Questo semplice e basilare principio espresso da Lao Tse, è "di casa" anche in molte altre culture, come per esempio ci ricorda il proverbio persiano “A poco a poco un filo di lana diventa un tappeto”... e, trasportato sul piano interiore, esso si traduce in un invito a non scoraggiarsi di fronte alle dimensioni delle “imprese” di bontà che ciascuno è chiamato a compiere nella sua vita, perché anche i più lunghi percorsi si fanno... un passo alla volta.
E' anche in questo senso che si dà attuazione al noto principio evangelico “chi è fedele nel poco, lo è anche nel molto” (Lc 16,10).

venerdì 18 gennaio 2019

Dio è Onnipotente, tranne in un solo caso...

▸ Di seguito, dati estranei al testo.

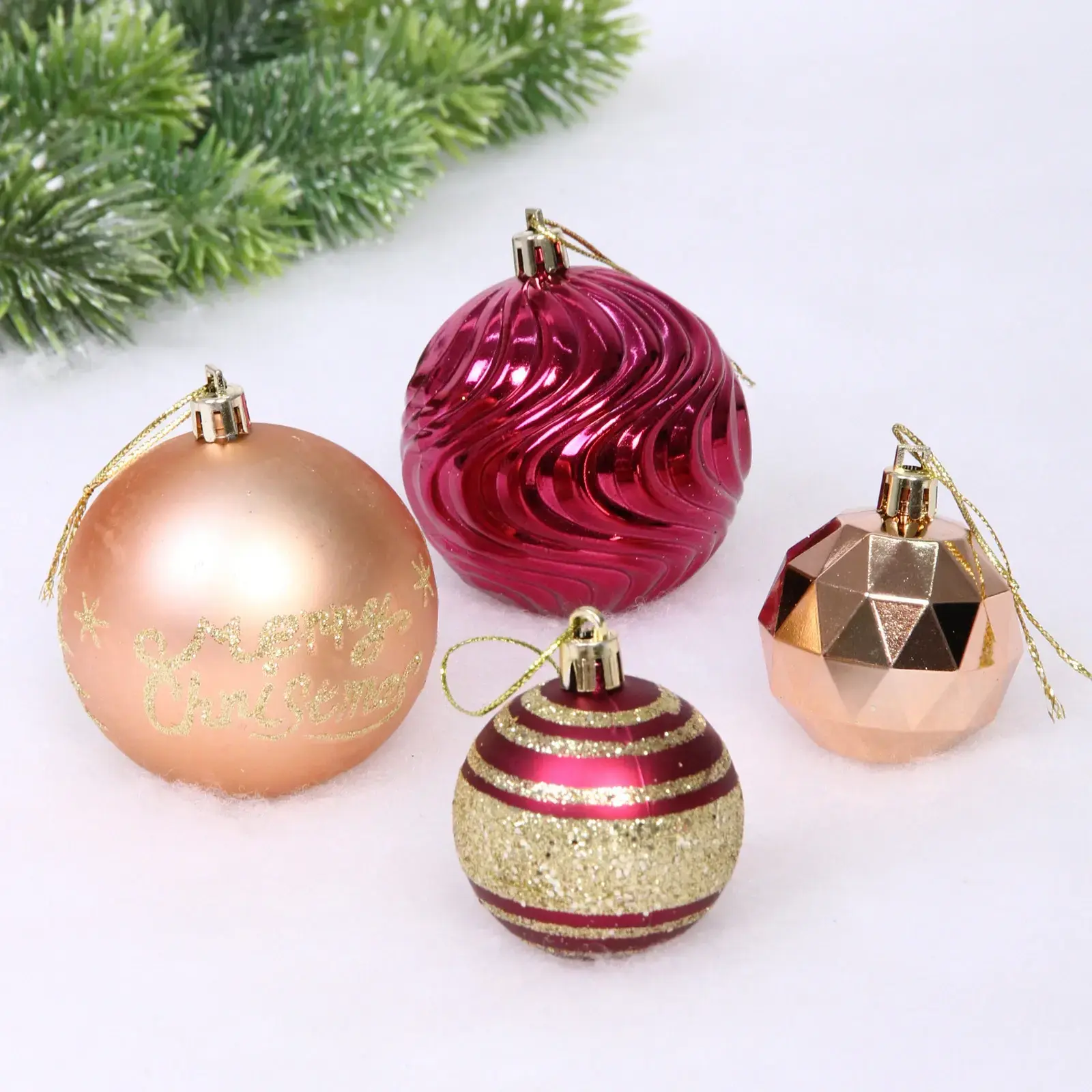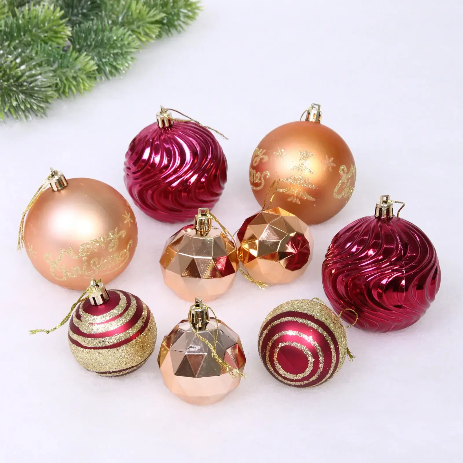 Этот набор шаров станет идеальным украшением для вашей новогодней елки, добавляя атмосферу уюта и праздника. Сочетание рубинового и шампань цветов придаст вашему интерьеру элегантность и стиль. Каждый шарик выполнен из прочного пластика, что гарантирует долговечность и безопасность использования.

« Dio è Onnipotente, tranne in un solo caso:
Gli È impossibile fare a meno di amarci e quindi Lui non può mai tradirci.
Pentiti amaramente se in passato hai dubitato del Suo Amore per te.»

(Swami Roberto)

A differenza del senso prevalentemente dottrinale che il verbo “credere” ha oggi assunto nel comune uso religioso, nell'Ebraico biblico “credere” (’āman) ha il significato di “avere fiducia” in Dio.
Si tratta cioè di un "confidare" che è di fatto analogo alla piena fiducia con la quale un bambino, nei suoi primi anni di vita, cerca aiuto e protezione dai suoi genitori, ed è anche in questo senso che Gesù invita i suoi discepoli a “diventare come i bambini”… e poi per esempio si rivolge al Padre chiamandoLo anche “Abbà”, ovvero usando un vocabolo onomatopeico che riproduce il suono sillabico espresso dal bimbo quando, all'alba della sua vita, chiama il suo papà cercando in lui amore e protezione.
Tenere sempre vivo questo fiducioso abbandono nel Padre Nostro, significa “permetterGli” di aiutarci e proteggerci con l'onnipotenza del suo divino Amore.